Quelques heures après son arrivée à Luxembourg, Timothy Brock décroche le téléphone. Le compositeur américain, chef d’orchestre et spécialiste des restaurations de bandes originales de films muets, a laissé pour quelques jours Bologne, où il vit depuis vingt ans, pour donner à la Philharmonie une série de ciné-concerts autour de The Kid (1921), de Charlie Chaplin. Quand Chaplin est mort en 1977, Brock n’était encore qu’adolescent, et s’il ne l’a jamais rencontré, cela ne l’empêche pas de l’appeler, dans un mélange d’affection et de révérence, «Charlie», simplement. Il dit aussi «on» ou «nous» quand il parle de ses restaurations, incluant dans son travail la famille du défunt génie de la comédie, qui a réécrit la musique de la plupart de ses films à partir de la seconde moitié de sa carrière, jusqu’à ses derniers instants. Timothy Brock raconte «son» Chaplin et le travail de restauration sur la musique de The Kid et des autres chefs-d’œuvre de «Charlot».

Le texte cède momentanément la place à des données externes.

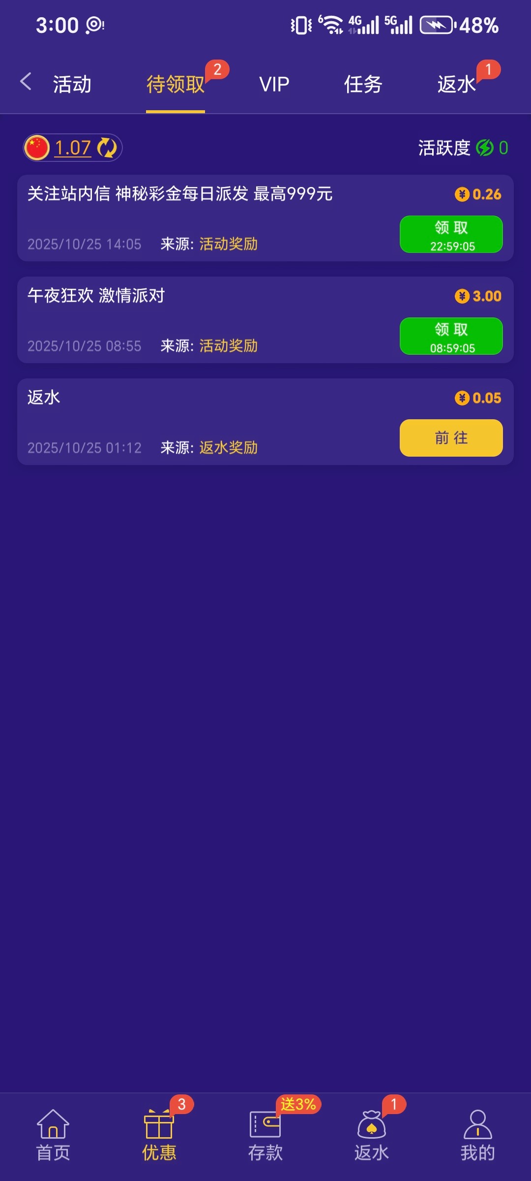 有号的去看看一下,站内信彩金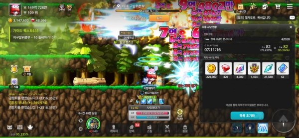 *  **획득 경험치**: 19.897% (95.334% - 75.437%)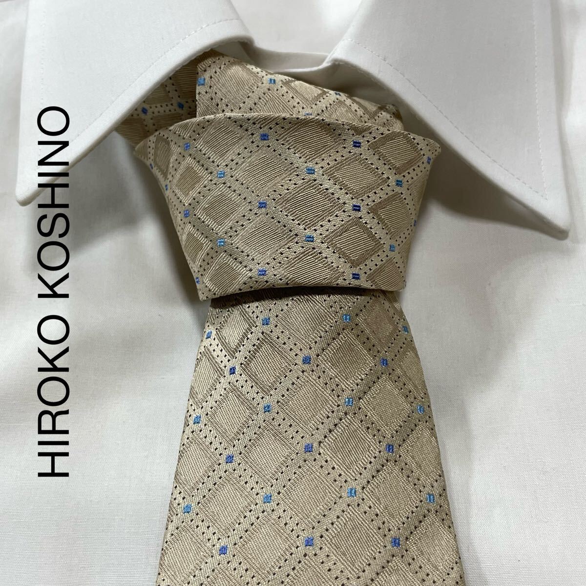- HIROKO KOSHINO ヒロココシノ チェック ドット ジャガード シルク ネクタイ ブラウンベージュ TG1739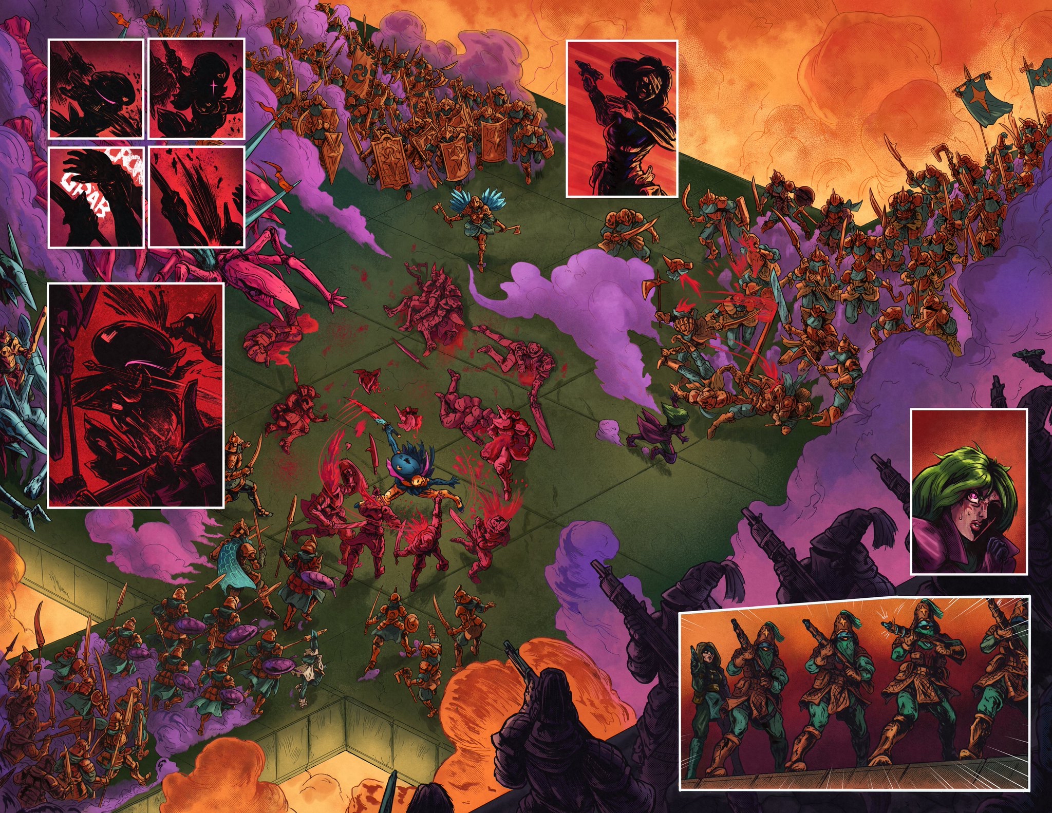 Scifi fantasy featuring witches, power armor and a fair few monsters.2-page spread from my 300 page comic, KWK. Scifi fantasy featuring witches, power armor and a fair few monsters.0 Comments 0 Shares 100 Views -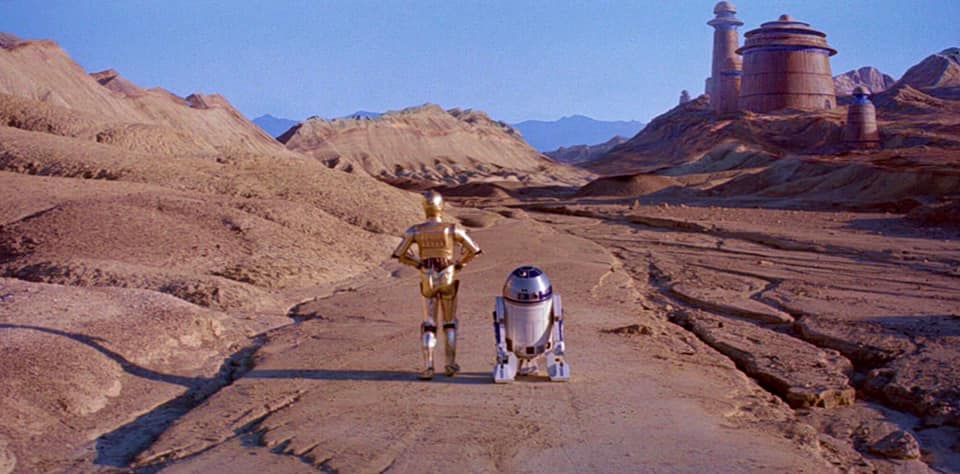 위기주부가 좋아하는 <스타워즈> 시리즈의 첫번째 영화에서 C-3PO와 R2-D2가 등장하는 타투인 행성의 이 장면이 촬영된 곳은 트웬티뮬팀 캐년(Twenty Mule Team Canyon)의 비포장 도로인데, 첫번째 방문에서 차를 몰고 지나갈 때는 모르고 그냥 지나쳤었습니다.
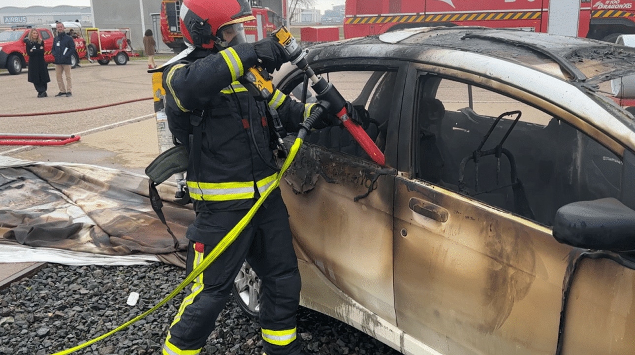 Este vídeo muestra una demostración en vivo que realizamos durante un taller sobre contención de incendios en vehículos eléctricos (EV) en el aeropuerto de Sevilla, España. Se desplegó el concepto completo de Fire Isolator en un vehículo eléctrico en llamas, incluyendo un escenario de thermal runaway.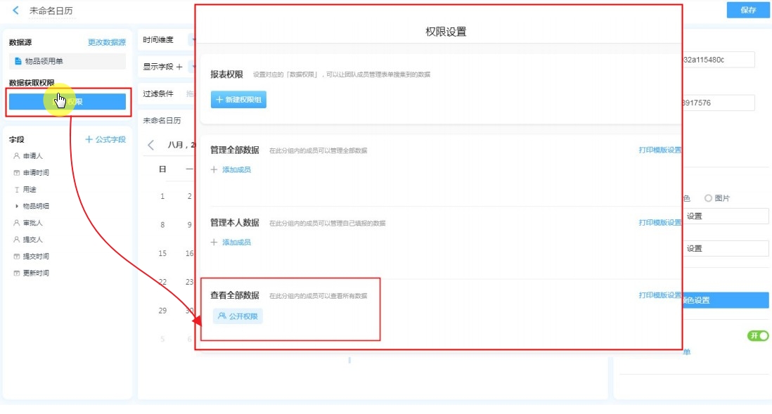 如果我们需要用户打开外链即可查看数据,那我们需要在报表【操作权限】里的【查看全部数据】设置为公开权限。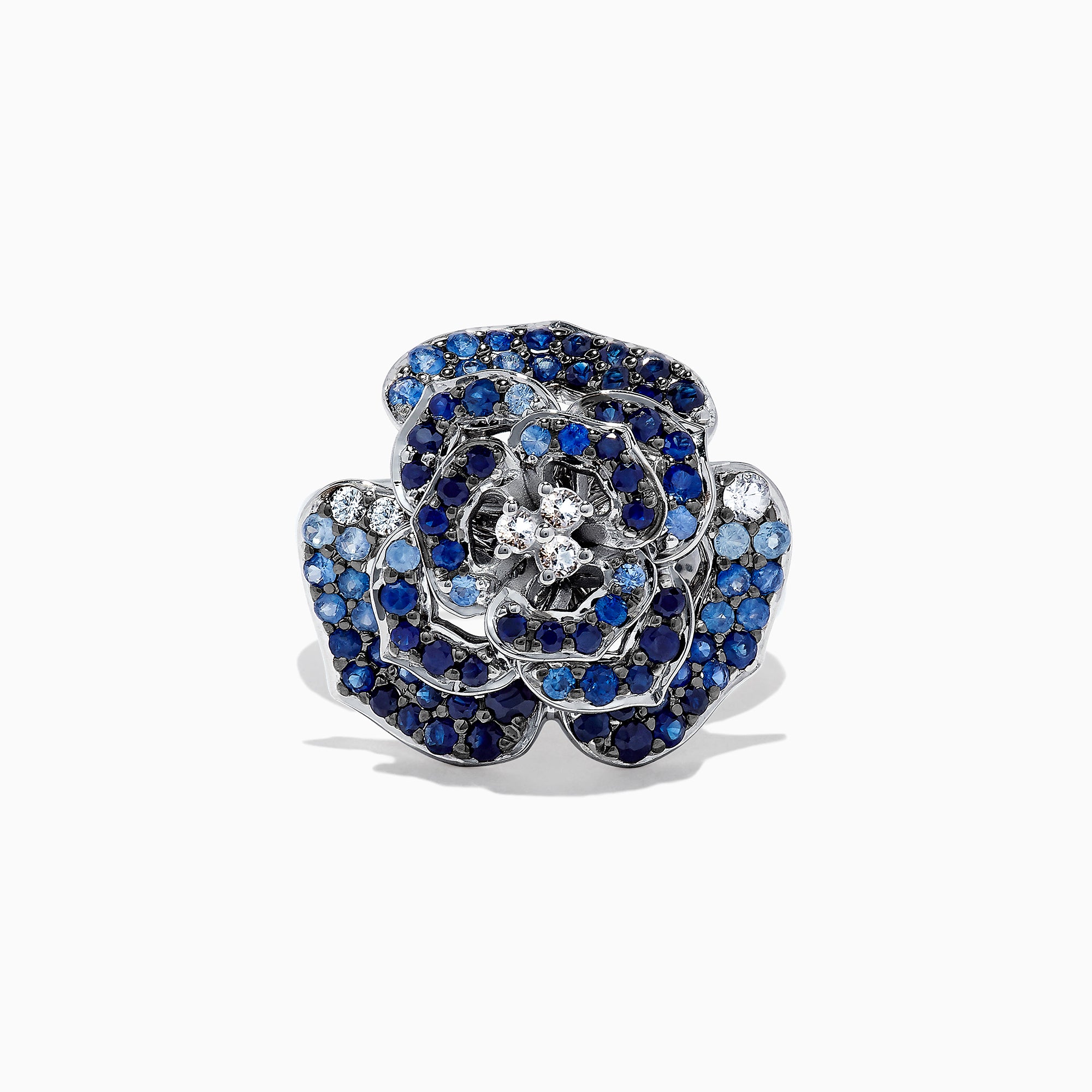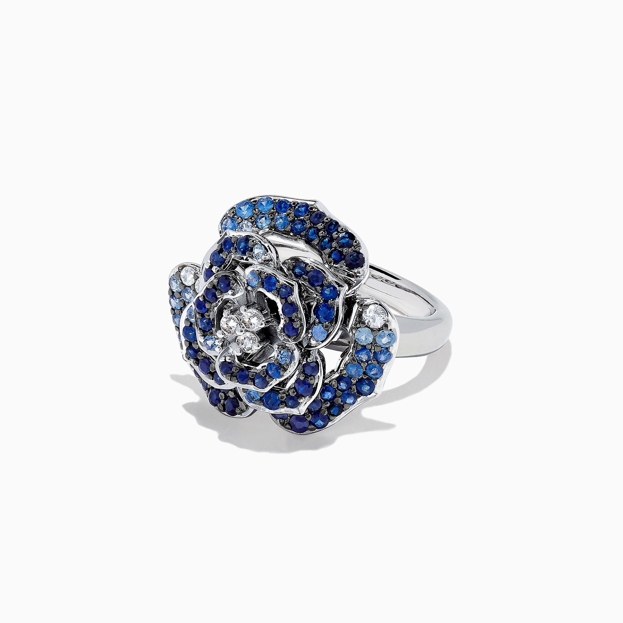 Effy 925 Sterling Silver Blue & White Sapphire Splash Flower Ring, 1.70 TCW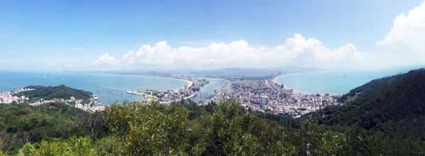 双月湾由大亚湾和红海湾畔相邻的两个半月形海湾组成。两条沙垅直奔大星山,如蛟龙出海,似双龙戏珠,有静有动,十分壮丽。这里三面环海,风景如画。洁白的沙滩,黛绿的林带,碧蓝的大海,多姿的礁石,迷人的小岛,穿梭的渔舟,构成了动静交融的南海渔港风光。

The Kid est l’un des rares films de Chaplin dont vous n’avez pas restauré la musique. Le crédit revient à Carl Davis, autre éminent restaurateur de musiques de l’époque du muet. Ce qui est amusant, c’est que la Philharmonie avait initialement prévu un autre monument du muet, le film d’Harold Lloyd Safety Last (1923), avec Davis qui devait diriger l’OPL, avant de déprogrammer le concert et de faire appel à vous…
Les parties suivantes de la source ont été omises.